The other half of machine learning is involved on the chatbot side. We use natural language processing, NLU essentially, for the actual communication with prospects.
I can understand that the chatbot learns with that process, so the more conversations with a client you have, the more precise the chatbot is in future conversations.
Do you plan to expand to different industries as well?
Not right now. My business partner and I come from the financial services world, where identifying clients and communicating with them is not like the general sale type. Finances are very specialized, and so is the language sales reps use in the industry. That's where our edge is.
At what stage is the company?
In terms of actual stage of the business, we are now in the growth phase. We have grown from a two-person team a year ago to ten people now. We have been revenue positive since the day one. We have three offices now: one in Toronto, Canada, one in San Antonio, Texas and one in Lahore, Pakistan.
We've also moved way beyond what we were initially doing. We use the automated chatbot that does all the notifications for us.
Where do you target your product?
We do North America, Australia and then we're just starting to go into the UK a little bit. We want to finalize our expansion there by the end of this year.
What are the biggest challenges at the moment?
Scaling our technology up to the level where it can support continued growth. As I mentioned before, we've been expanding to the U.S., we’re expanding to Australia, and down to the UK as well. We want to make sure our technology can scale up and then also secondly that it complies with all the different regulatory regimes that exist in all the countries
With the UK I'm sure you are well aware of the GDPR implications. That's giving us a very difficult time, but we're slowly getting to the stage where we can say confidently that we are going to be fully GDPR-compliant. We have to, as the consequences of not being GDPR-compliant are not good.
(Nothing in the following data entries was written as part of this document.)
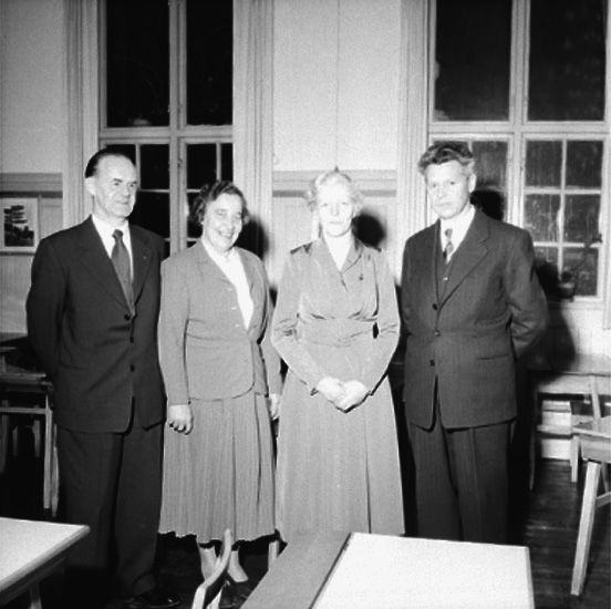 Rynninge skolas 40-årsjubileum, gruppbild, fyra personer.
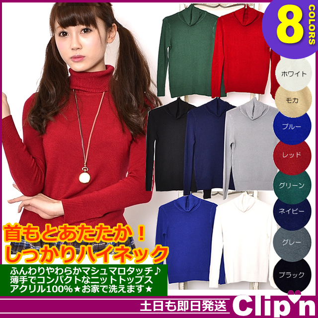 【メール便/送料無料】洗える 薄手 シンプル タートル ハイネック やわらかニット*トップス[即納即日発送あす着]
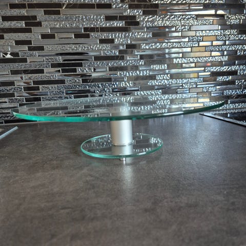 Stilren og dekorativ lysestake i metall. Den står stødig og har filt under foten som beskytter underlaget mot riper (se bilde). Har ikke vært brukt med lys, kun lagret, og fremstår pen og hel.
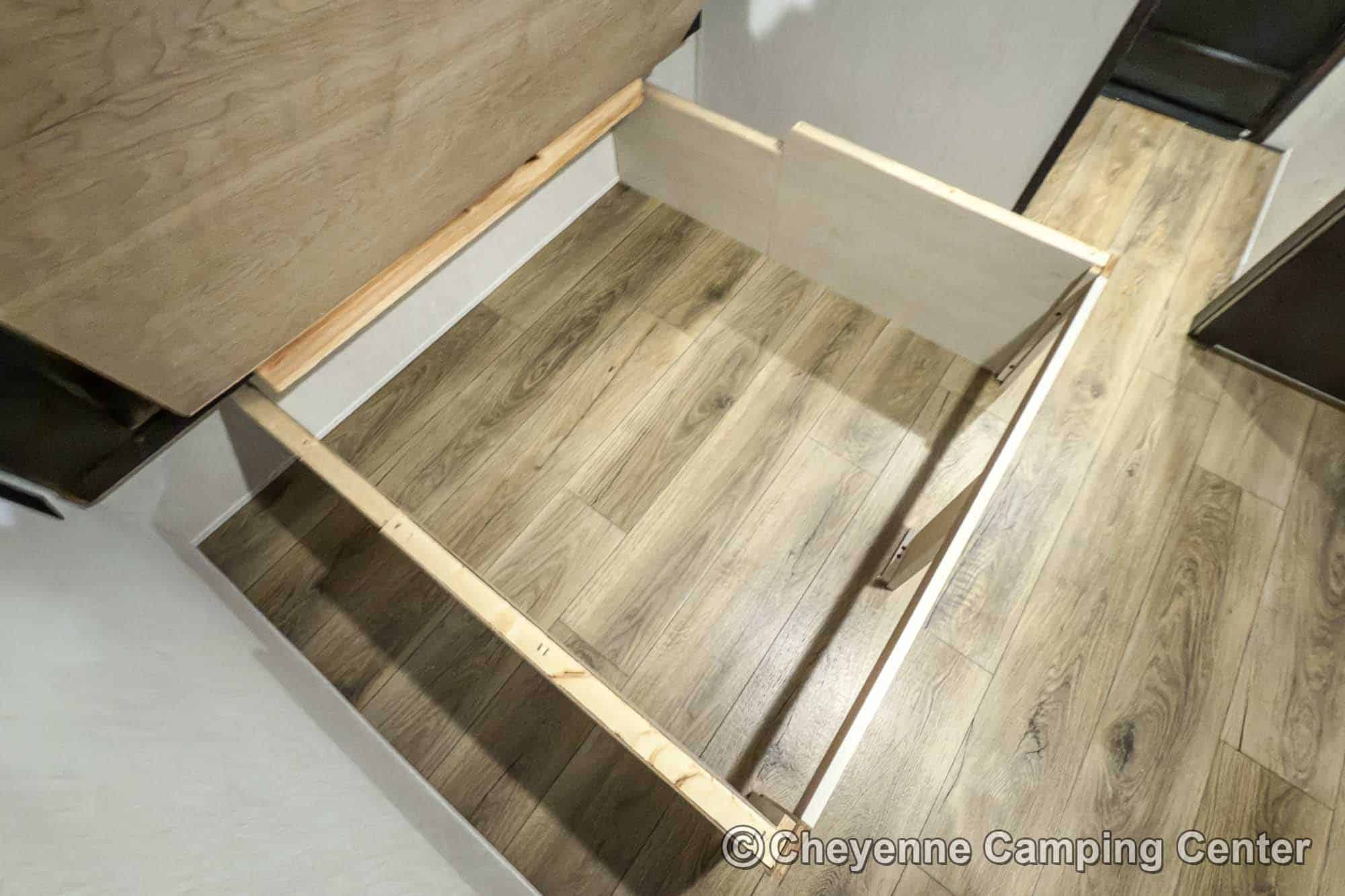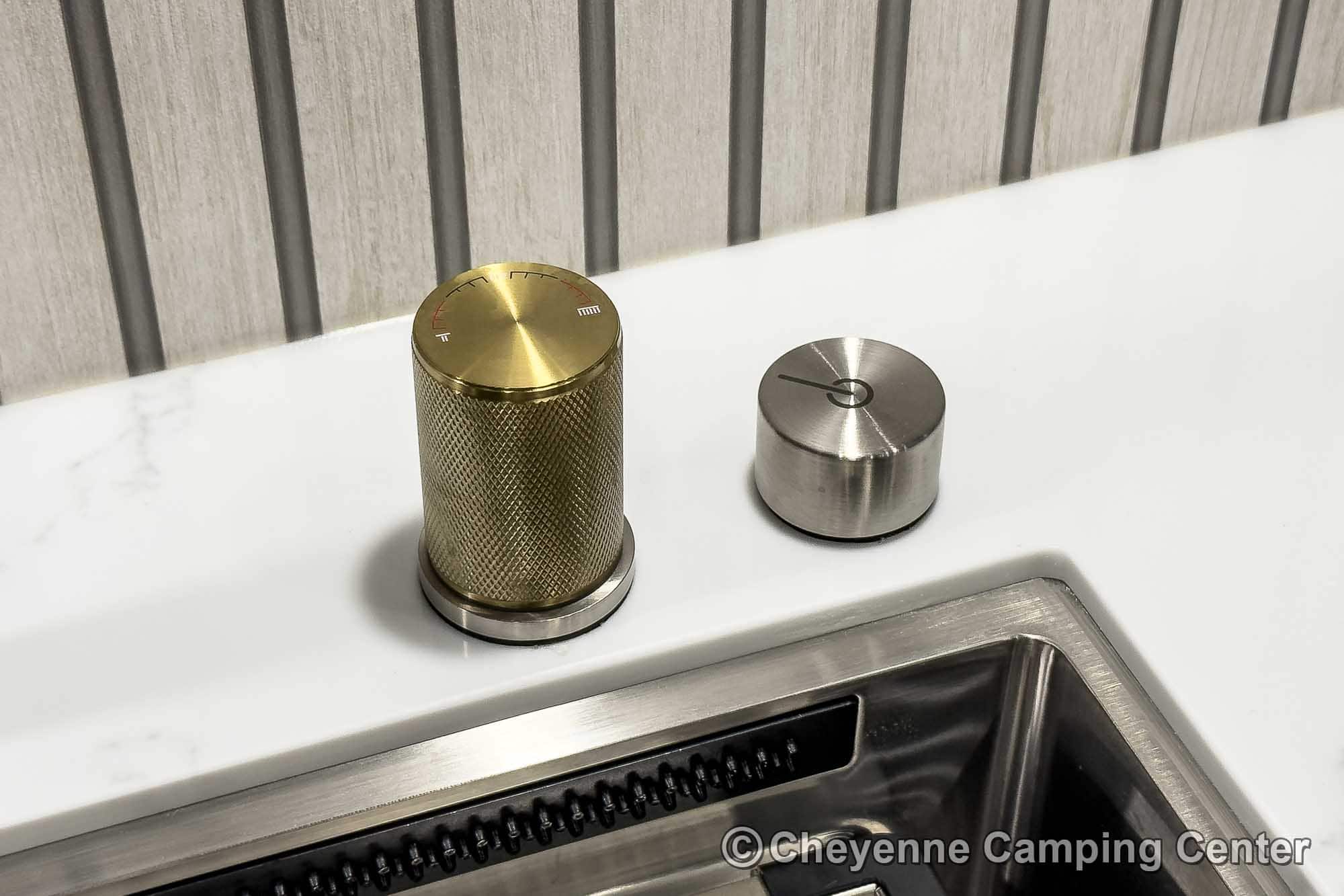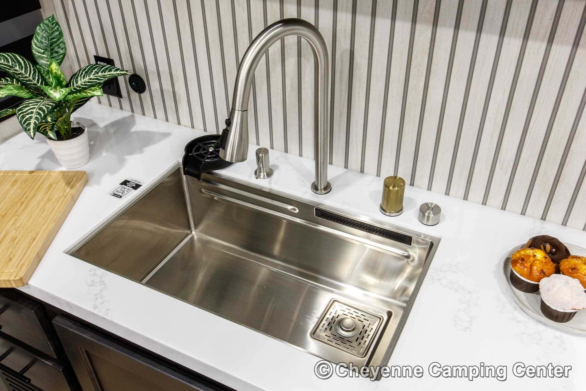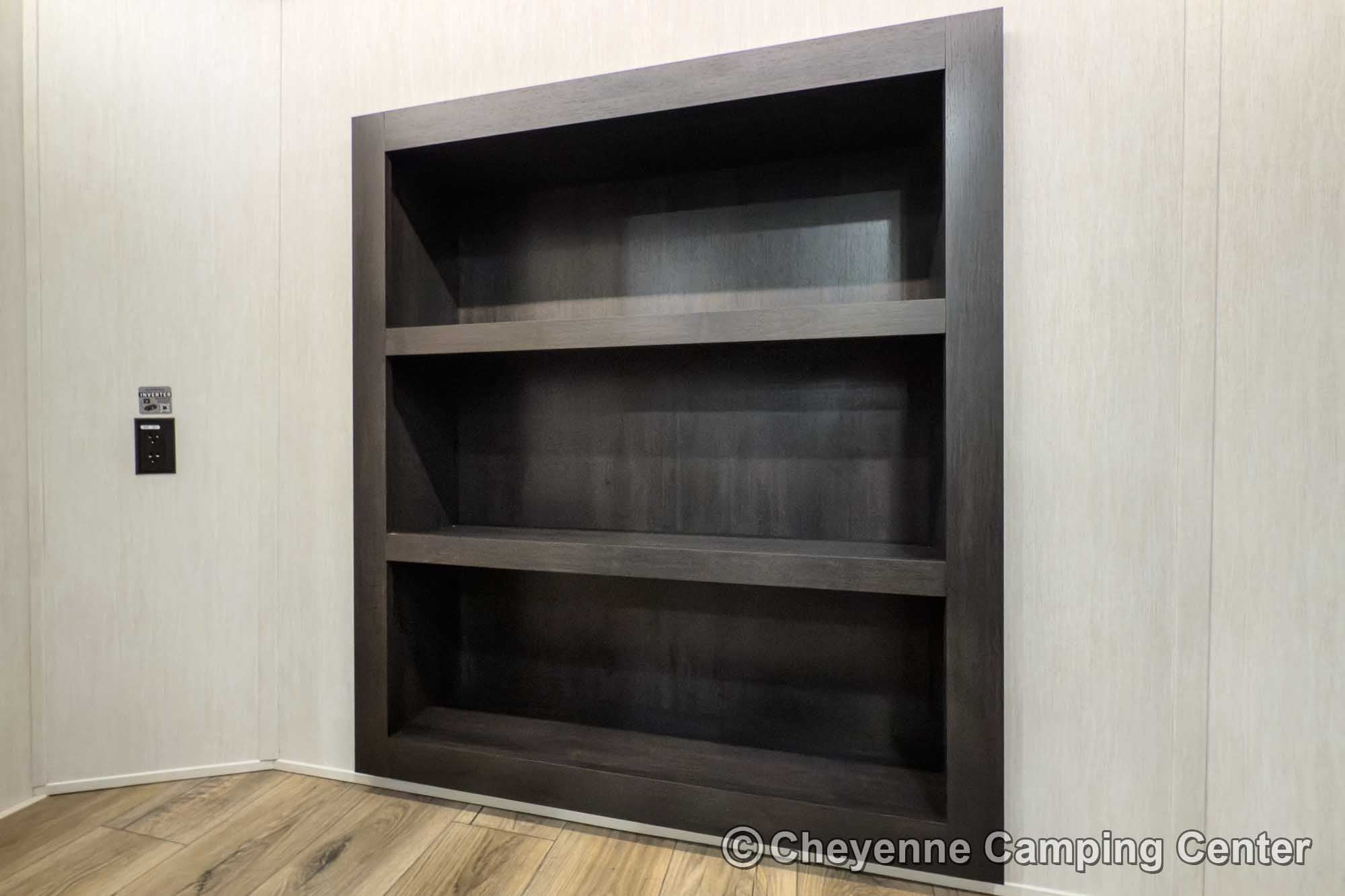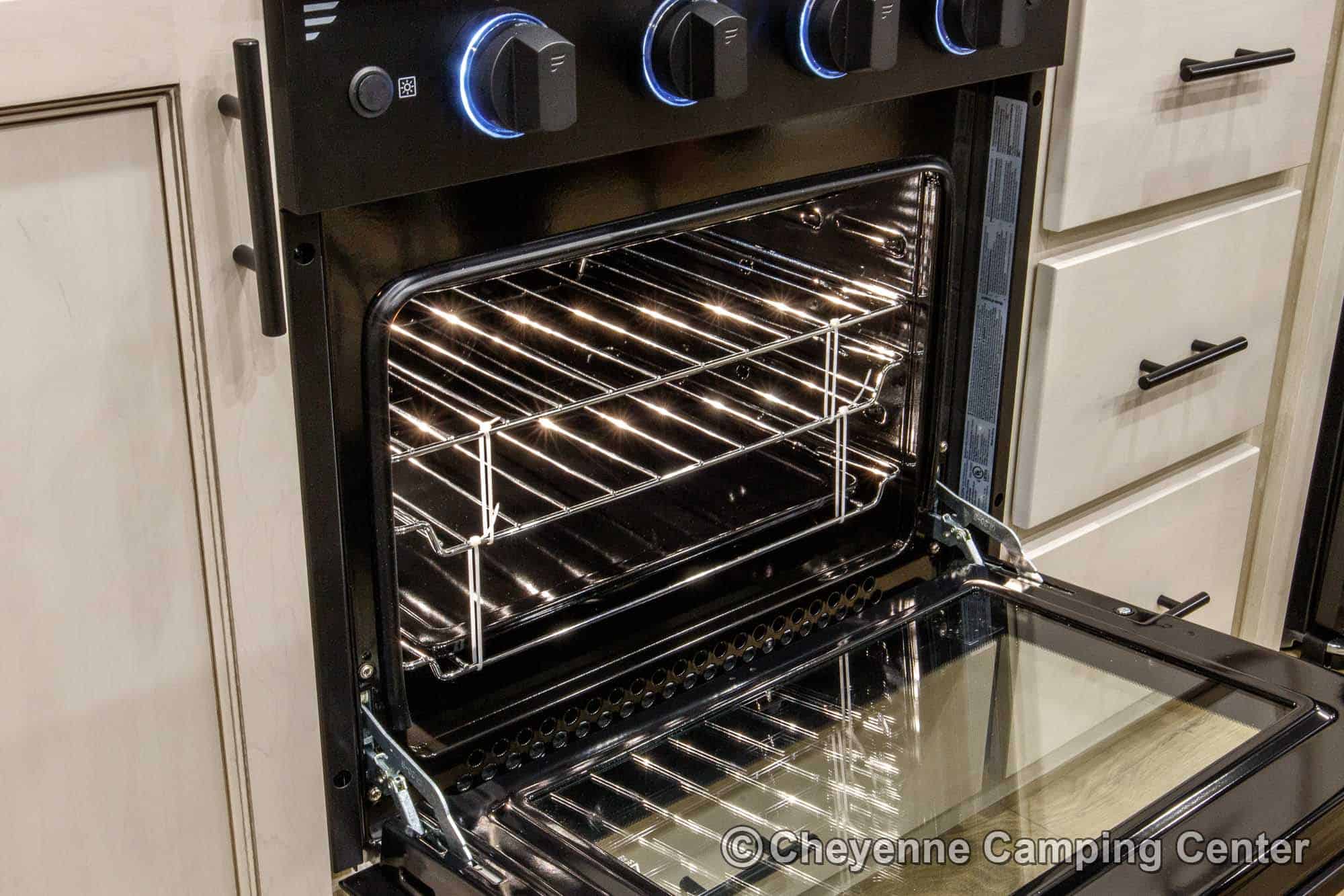 Step inside the 36DBB and prepare to be impressed. This two bedroom fifth wheel delivers the features and finishes of a luxury coach at an affordable price. The stunning kitchen is designed for both style and functionality, featuring a butcher-block dining island with four chairs and an extension, solid-surface countertops, and abundant counter space. You’ll have plenty of storage with numerous cabinets, drawers, and a huge hidden pantry cleverly tucked behind the entertainment center. Cooking is a breeze with a large oven, microwave/convection oven combo, residential-style refrigerator, workstation sink, and a full-size pull-out trash can that adds everyday convenience.

We're just going to dip our toes in with the UK market and see if that goes well. Obviously, mainland Europe is definitely in the plans, but that's a little bit later on.
What are the plans for the next year? Where do you see the company at the end of 2019?
In terms of the company itself, we are hoping to be fully expanded out into Australia and the UK markets. We're hoping to be wrapping up our sales efforts in North America, where we're trying to double-digit grow our revenue from now on into the next year. In terms of personnel, we're looking at between 20 and 25 people as as a company. In terms of financing, we're hoping to raise our official seed round. Probably in February or March. So those are some of the milestones for the next months.